We visually analyzed the trace plots for all model parameters to assess mixing properties and stationarity of chains. We assessed convergence of the MCMC chains by evaluating correlation between samples (autocorrelation <0.1) and Gelman-Rubin statistic (Potential scale reduction factor, PSRF < 1.1 preferred among chains) using R-package ‘coda’ [71]. We considered model parameters to be significant when the 95% credible intervals (CIs) of posterior estimates excluded zero and p-values were < 0.05. We evaluated the performance of our final reduced models using a suite of standard metrics including sensitivity, specificity and area under the receiver-operator curve (AUC) statistic, as implemented in the R-package ‘cutpointr’. We also calculated predicted infection probabilities for each species and evaluated the model fits by plotting the observed and predicted infection probabilities.

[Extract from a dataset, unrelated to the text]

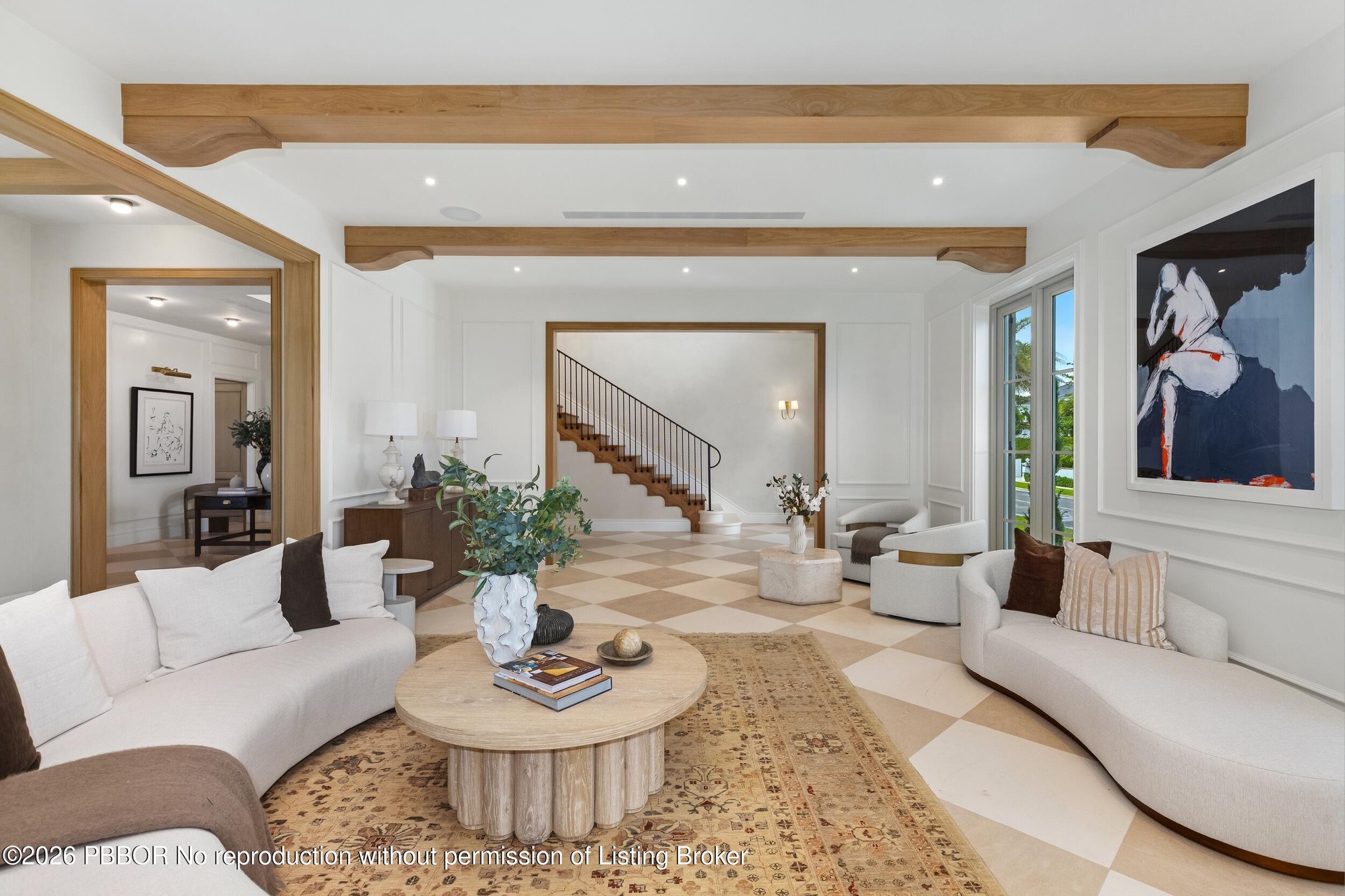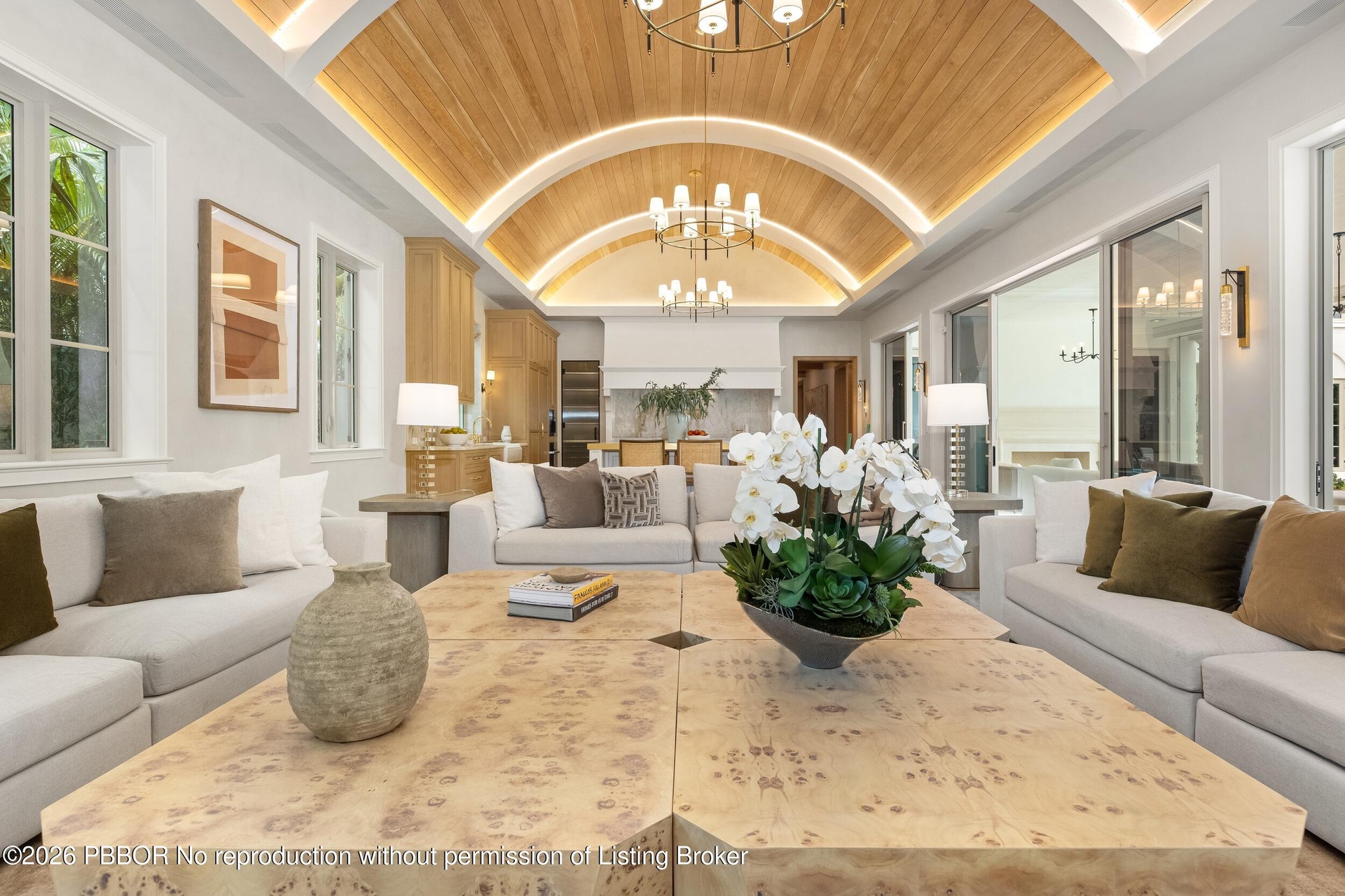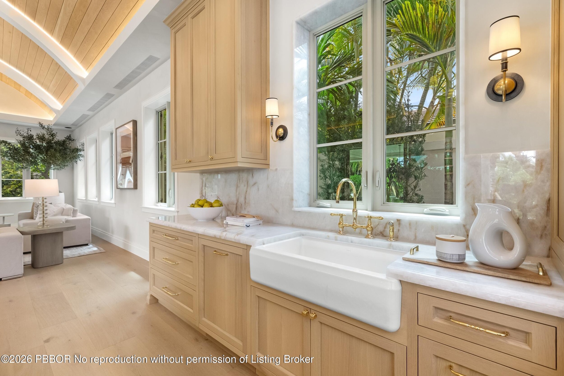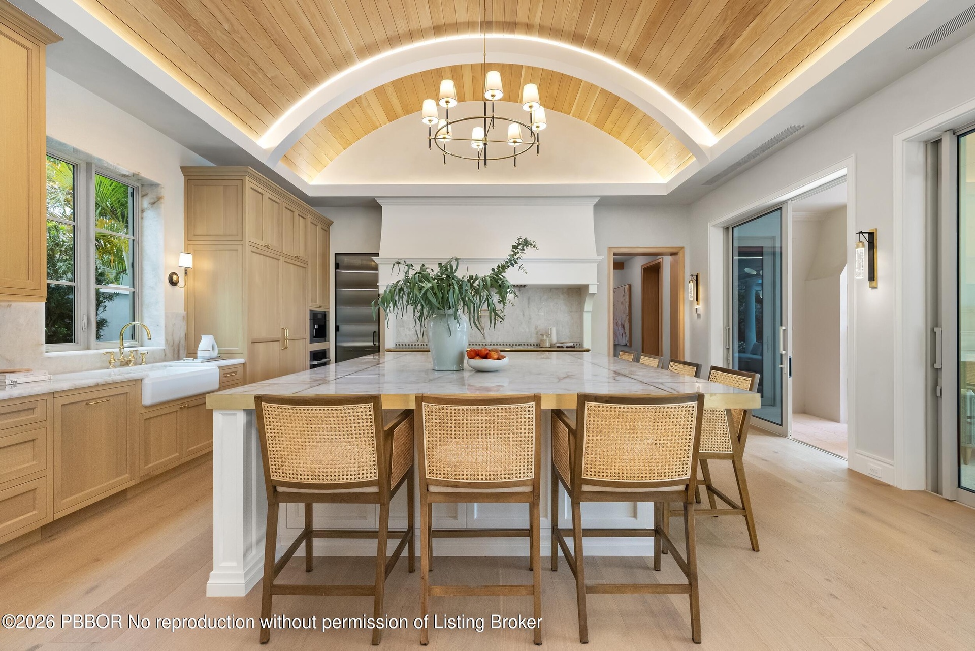 A grand entry leads to light-filled interiors with soaring ceilings and seamless flow between formal and casual living spaces. The chef's kitchen is anchored by a Cristallo stone island with brass inlay and features a L'Atelier stove, along with Sub-Zero and Miele appliances, and a walk-in pantry. A standout feature is the private office, accessed through a hidden door, complete with a full bar, Sub-Zero refrigeration, wine storage, ice maker, and integrated in-wall speakers--ideal for both work and entertaining.

Furthermore, we calculated the proportion of the total variance explained by host species phylogeny by estimating phylogenetic heritability, equivalent to Pagel’s lambda (λ) to measure the degree of phylogenetic signal [72,73]. We estimated the mean and 95% highest posterior density (HPD) of λ for each MCMC chain by dividing the phylogenetic variance-covariance (VCV) matrix by the sum of the phylogenetic, location, and residual VCV matrices [73]. All statistical analyses and graphing were conducted in R ver. 3.6.2 [74].